Two Videos

Angular Momentum
5:00, 2020, HD (1920×1080)
music by Jean-Philippe Feiss

Cyanotype video. Centrifugal force pushing against the figure-ground distinction. An agglomeration of abstract light-shadow play, set in motion to evoke the transcendental, sublime experience created through a fusion of traditional, analogue in-camera photographic techniques with digital animation and compositing.

This movie was created primarily with in-camera techniques, supplemented with minimal digital compositing to join the various shots together. Drawing on the visionary tradition of Lumia, it transposes traditional optical approaches to digital imaging.


Bubbles in Koilon
5:00, 2020, HD (1920×1080)
music by Jean-Philippe Feiss

A hypnotic visual music piece made from the poetry of bokeh and optical distortions. Kinetic movements of the abstract exchange between form and substance, light and darkness, real and unseen that lie at the limits of perception are a ‘creation myth’ for optics, evoking a noumenal experience from the effervescence of illumination and kinesis. Made using a digital camera recording at ISO 51200 allowing the internal functions of the camera optics to become the image.

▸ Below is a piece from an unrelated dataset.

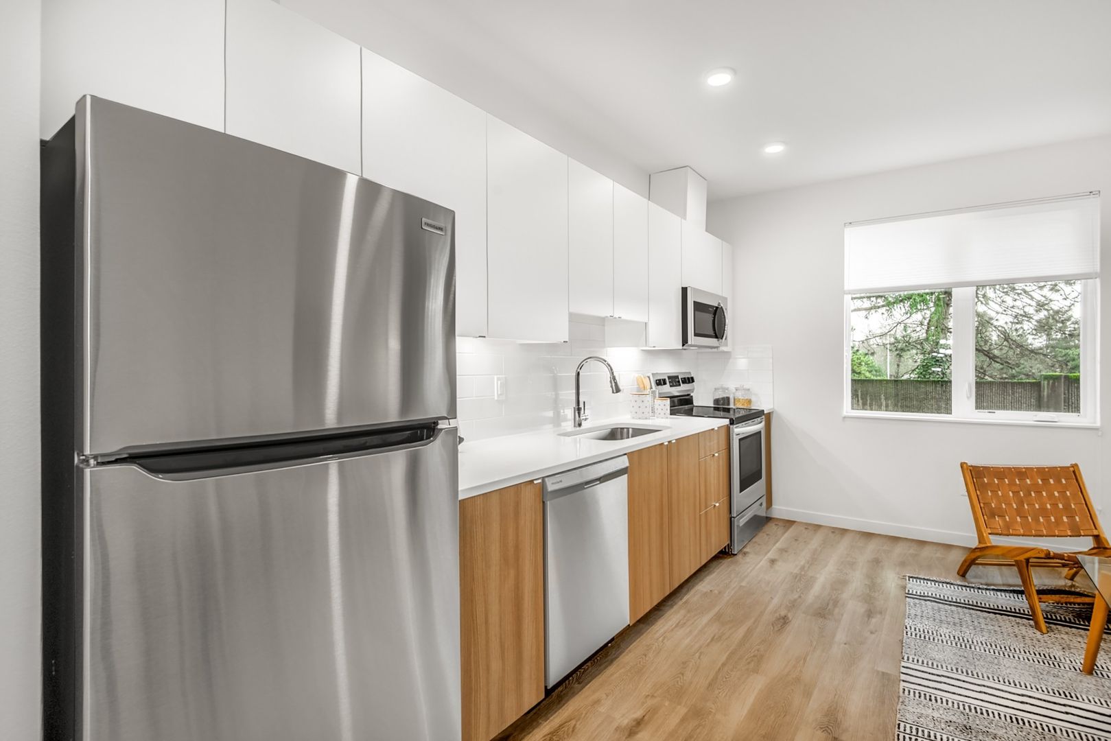 These homes are refined and yet very homey design with an open concept. Large windows and careful design lend natural light to the space which emanates throughout your home. Bright quartz countertops and white wood cabinetry really compliment the natural flow of light into space. Your plants will be happy and healthy!

Michael Betancourt (b. 1971, United States) began working with digital errors and breakdowns, what is now called “Glitch Art,” in 1990 when the NewTek Video Toaster he was using to color shift a video malfunctioned and output a series of flickering and shifting patterns instead of what he was expecting. Over the next decade, he worked with inducing and modulating errors in both static digital files, photochemical photographs, and analogue video, but the acceptance of visual glitches in art lagged several years behind their embrace in electronic music, leading to his understanding of glitched footage as simply one more category of material to manipulate and employ alongside more traditional imagery. His pioneering work with digital video glitches at the end of the twentieth century anticipated processes and techniques, such as “datamoshing” and “pixelsorting,” before these methods became codified and familiar.